Bisnis.com, JAKARTA – Pengamat Pendidikan dari Center of Education Regulation and Development Analysis (Cerdas) Indra Charismiadji menilai edukasi kebencanaan ditambahkan ke dalam kurikulum sekolah belum menjadi hal mendesak.
Dia menegaskan meskipun Indonesia berada di lingkaran api (ring of fire) dan pertemuan lempeng melintasi sekitar Ibu Kota, edukasi kebencanaan dalam kurikulum pendidikan dini belum diperlukan.
Alasannya adalah untuk meningkatkan respons masyarakat bila terjadi bencana alam, khususnya yang terkakt dengan aktivitas geologi, perlu dilakukan pendekatan kontekstual.
"Menambah kurikulum belum jadi jawaban, tetapi sosialisasi, mulai dari layanan masyarakat, iklan di televisi, hadir ke sekolah ajari anak-anak secara praktikal, melalui poster yang bisa dijangkau masyarakat. Karena, bila jadi kurikulum, pelajaran anak makin banyak, nanti ada ujiannya, padahal edukasi kebencanaan harus kontekstual bukan teoritikal,” tuturnya kepada Bisnis, Rabu (23/11/2022).
Dia berharap pemerintah belajar bahwa edukasi kebencanaan tidak menjadi mendesak karena didorong oleh gempa Cianjur, tetapi lebih memahami bahwa Indonesia berada di titik lingkaran api yang harus selalu siap sedia terhadap bencana.
“Jadi, edukasi juga bisa dilakukan mulai dari awal seharusnya memang Pemerintah dalam desain memberikan izin pembangunan gedung, inspeksi bangunan, mengacu pada upaya melindungi tumpah darah Indonesia. Jangan hanya karena gempa cianjur, tetapi dari awal memang harus melindungi termasuk saat membangun fasilitas umum seperti sekolah, rumah sakit, dan infrastruktur pendukung lainnya,” imbuhnya.
Baca Juga
Kerawanan Bencana di Indonesia
Sekadar informasi, peristiwa gempa bumi yang terjadi di Cianjur, Jawa Barat pada Senin (21/11) kembali mengingatkan bahwa Indonesia merupakan negara yang rawan bencana.
Selain karena berada di kawasan Cincin Api Pasifik, kapasitas penanganan dan literasi bencana turut menjadi faktor kerawanan tersebut. Hal itu turut tergambar dalam laporan World Risk Report 2022 yang dirilis Bündnis Entwicklung Hilft dan IFHV of the Ruhr-University Bochum.
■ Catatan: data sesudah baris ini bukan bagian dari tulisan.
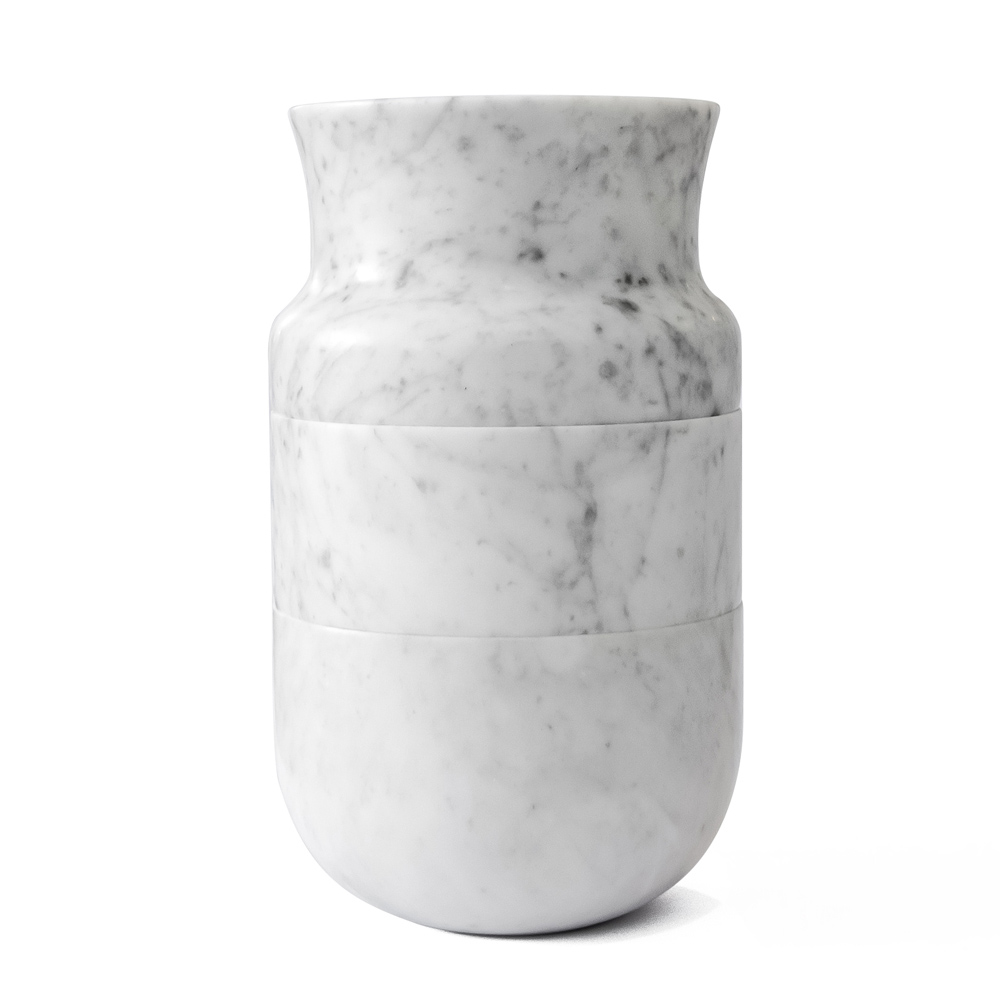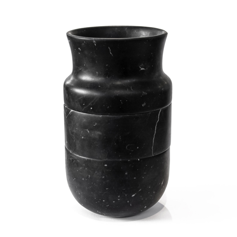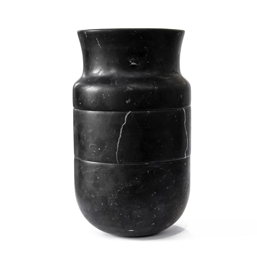 Dekorative Vase in 3 Designteilen aus weißem Carrara-Marmor oder schwarzem Marquinia made in Italy.

Dalam laporan tersebut, Indonesia memiliki skor Indeks Risiko Global (WRI) sebesar 41,46 pada 2021. Skor tersebut menempatkan Indonesia di posisi ketiga tertinggi secara global.
Posisi Indonesia berada di bawah Filipina dan India dengan skor sebesar 46,82 poin dan 42,31 poin. Skor WRI Indonesia terbagi atas lima lingkup. Lingkup pertama berupa paparan (exposure) bencana mendapatkan skor sebesar 39,89 poin atau masuk kategori sangat tinggi.
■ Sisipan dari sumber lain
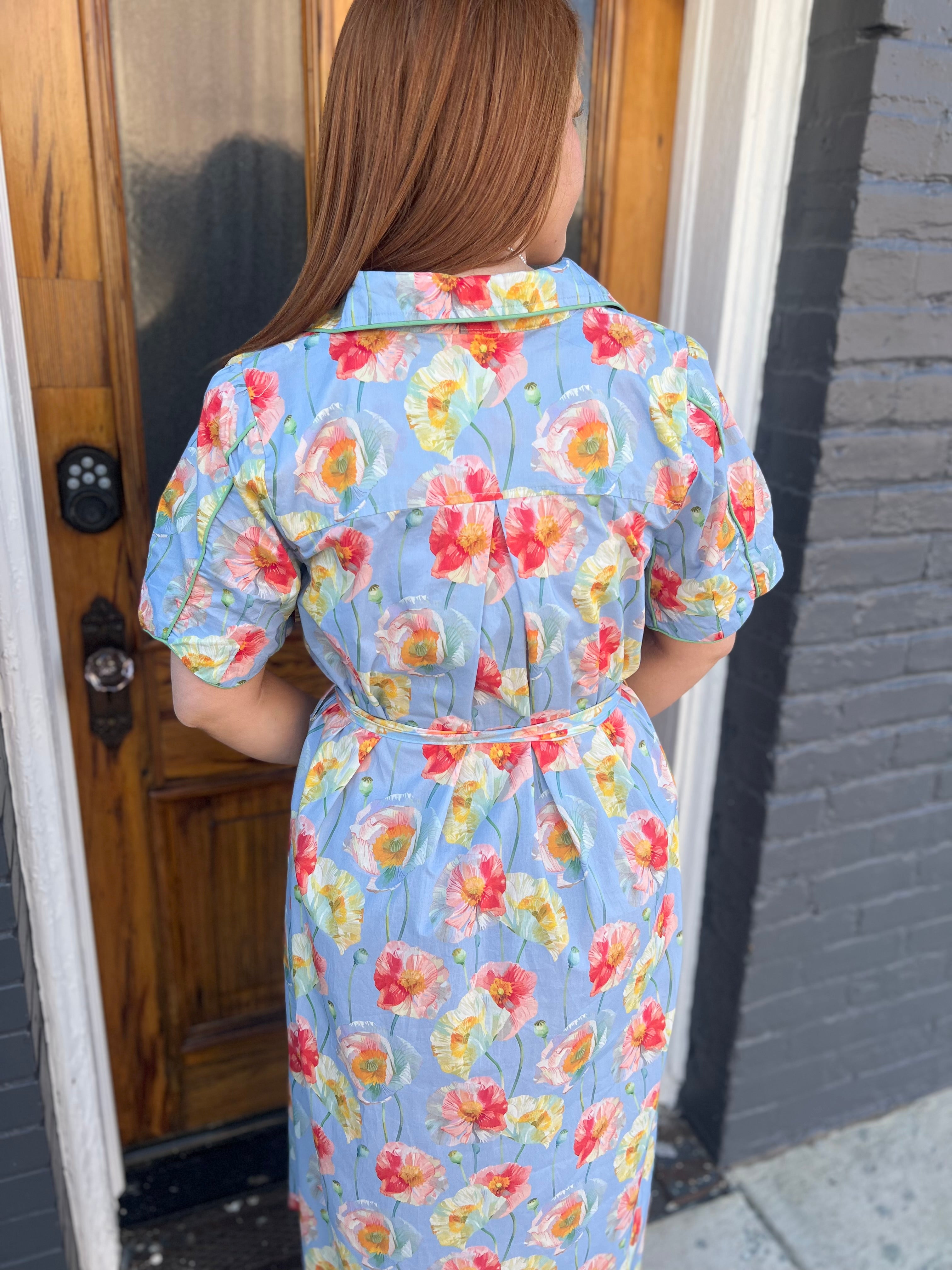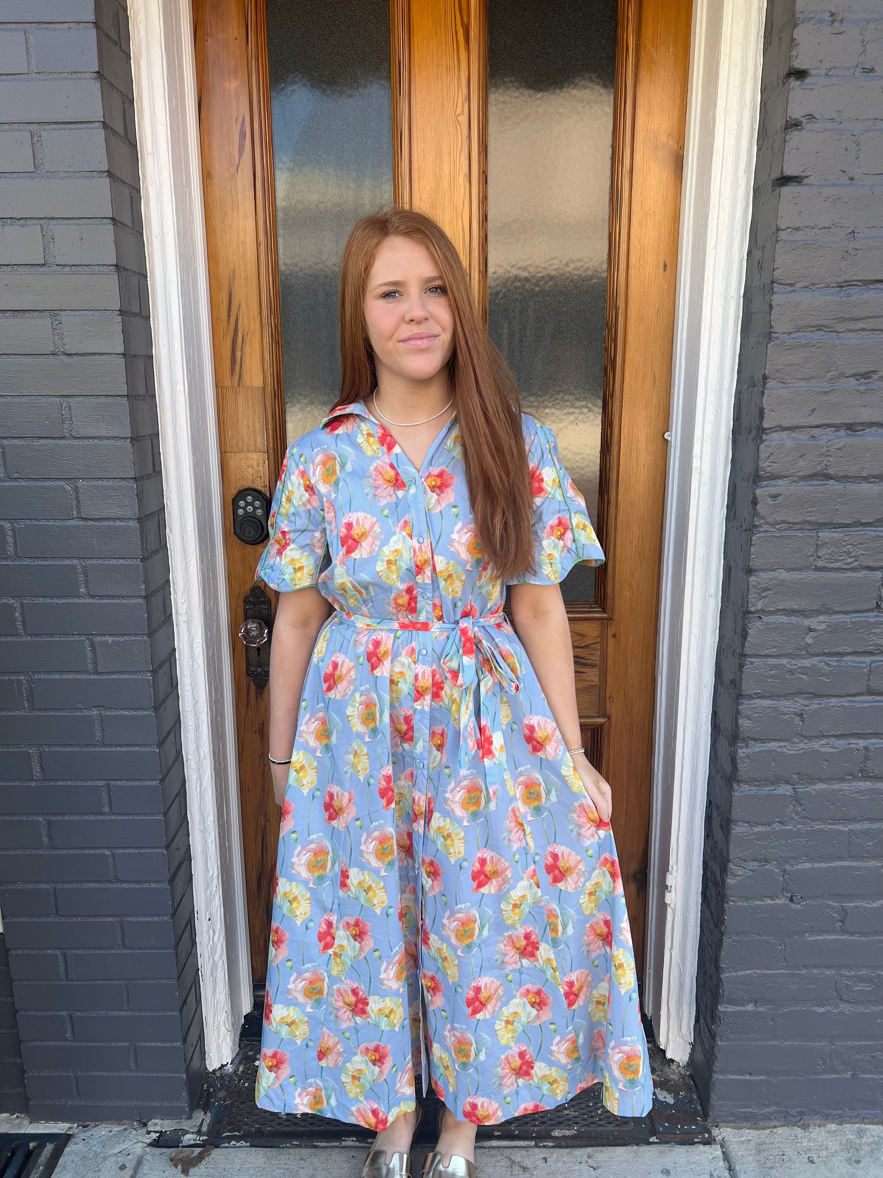 Elevate your everyday wardrobe with this charming button-front floral midi dress in light blue. Featuring a classic collared neckline, delicate flutter sleeves, and a flattering self-tie waist belt, this piece effortlessly transitions from day to night. The vibrant floral pop print adds personality while piping details create visual interest. Cut to a graceful midi length, this unlined dress offers comfortable, breathable wear perfect for warm weather styling. A versatile essential that pairs beautifully with sandals, sneakers, or heels.
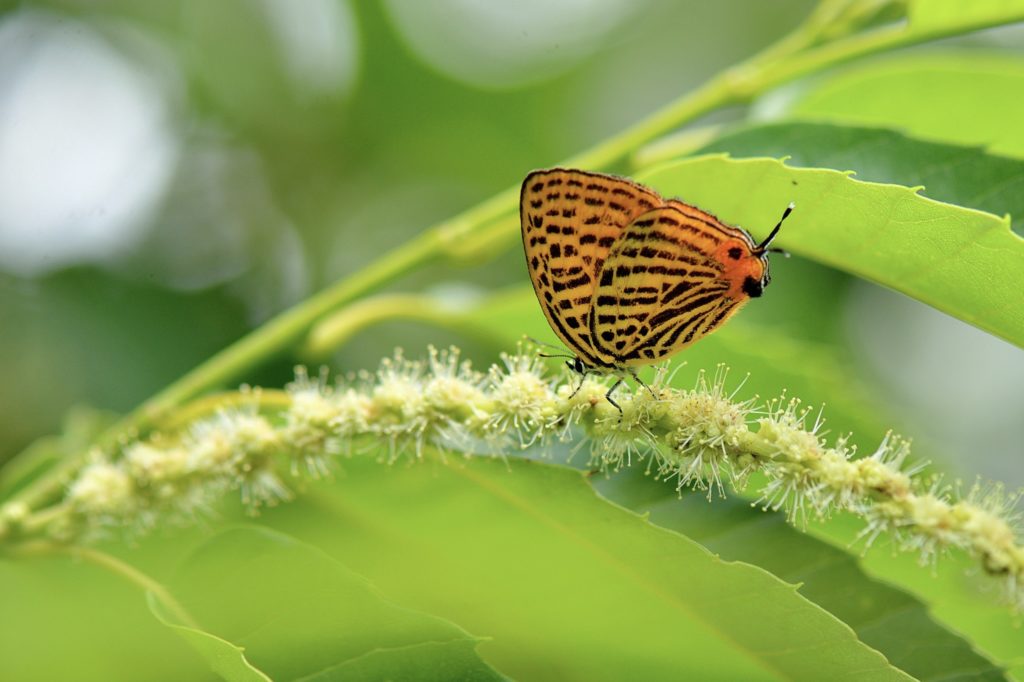 雄花が咲いた後に雌花が開花し、他のクリの花粉をつけた虫が、花粉と蜜をつけた雄花に来るのを待っています。
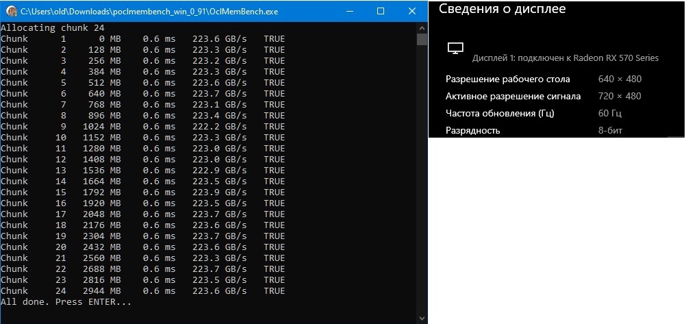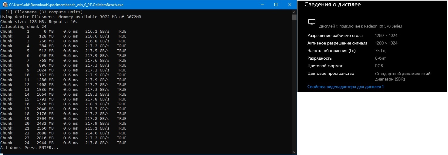 Действительно, есть влияние разрешения и герцовки. Довольно сильное. С параметром ref 50 _1280х1024"60Гц (1284/1900 ~219-220gb/s) //мой режим "по умолчанию" а если так:

Sementara itu, dari lingkup kerentanan (vulnerability), Indonesia mendapatkan skor sebesar 43,10 poin atau masuk kategori tinggi. Lingkup ini memperhitungkan jumlah pengungsi, pencari suaka, serta orang-orang yang terkena dampak bencana alam atau konflik dalam lima tahun terakhir.
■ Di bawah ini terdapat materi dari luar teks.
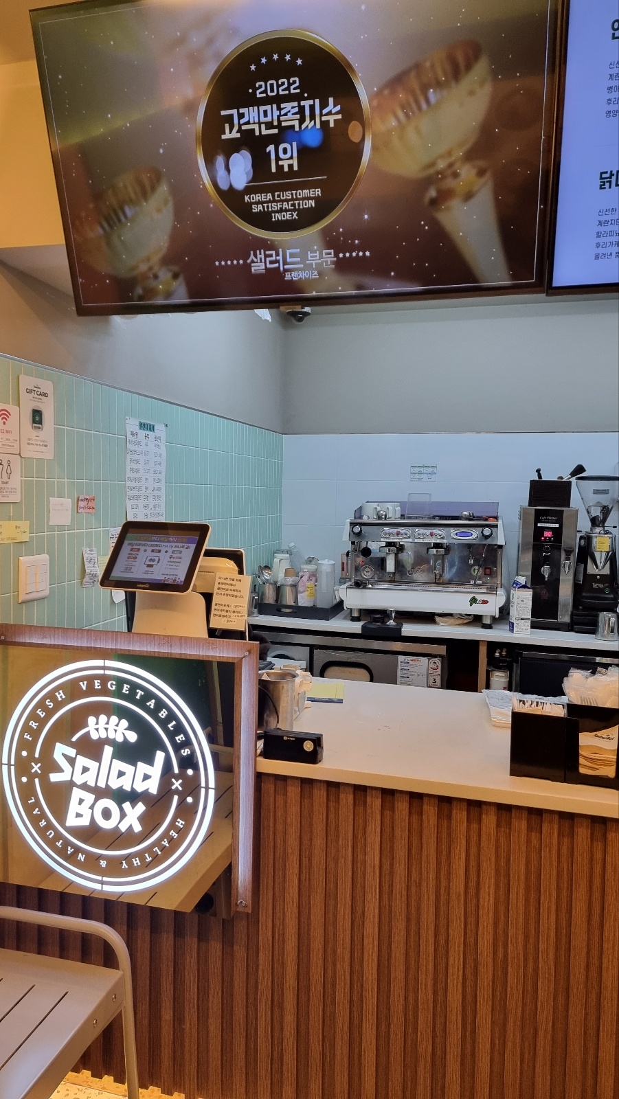Salad Box라는 간판이 깔끔하게 샐러드바의 아이덴티티를 보여주는 모습. 시원한 윈도우 안에서 샐러드를 먹고 있는 사람들을 보게 되면서 알게 된 곳입니다.
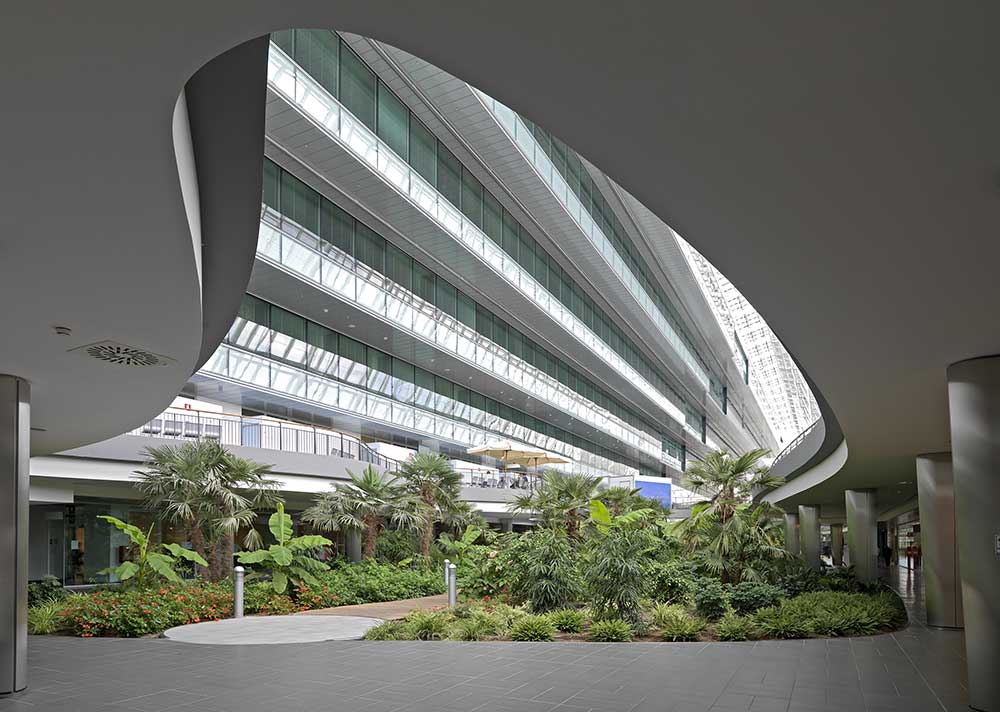 Il progetto del grande edificio pubblico – sviluppa una superficie utile complessiva di oltre 97.000 metri quadrati – si basa sul concetto del ‘verde sopra il grigio’, con l’intento di conservare l’intera area del parco verde su cui sorge.
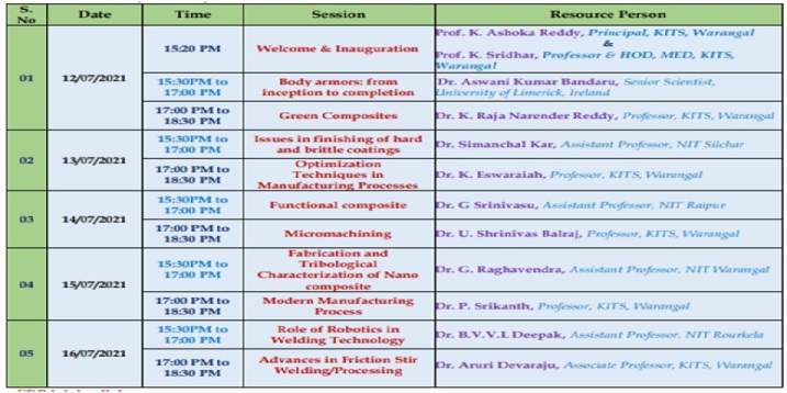 ISTE Sponsored One Week Online Faculty Development Programme (FDP) on “EMERGING TRENDS IN ADVANCED MATERIALS & MANUFACTURING PROCESSES (ETAMMP-2021)”
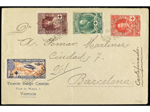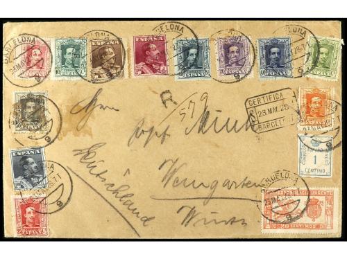 ESPAÑA. Ed. 327/28, 331, 341. 1926. VALENCIA a BARCELONA. Carta certificada, al dorso llegada.

Berdasarkan lingkup kerawanan (susceptibility), Indonesia memiliki skor sebesar 33,48 poin atau masuk kategori tinggi. Kemudian, lingkup kurangnya kapasitas penanganan bencana di Indonesia memiliki skor sebesar 50,67 atau masuk kategori sangat tinggi.
Lingkup terakhir yang diperhitungkan terkait kurangnya kapasitas adaptasi terhadap bencana. Di lingkup ini, Indonesia mendapatkan skor sebesar 47,19 poin atau masuk kategori sedang. Adapun, Kolombia berada di bawah Indonesia dengan skor WRI sebesar 38,37 poin pada 2021.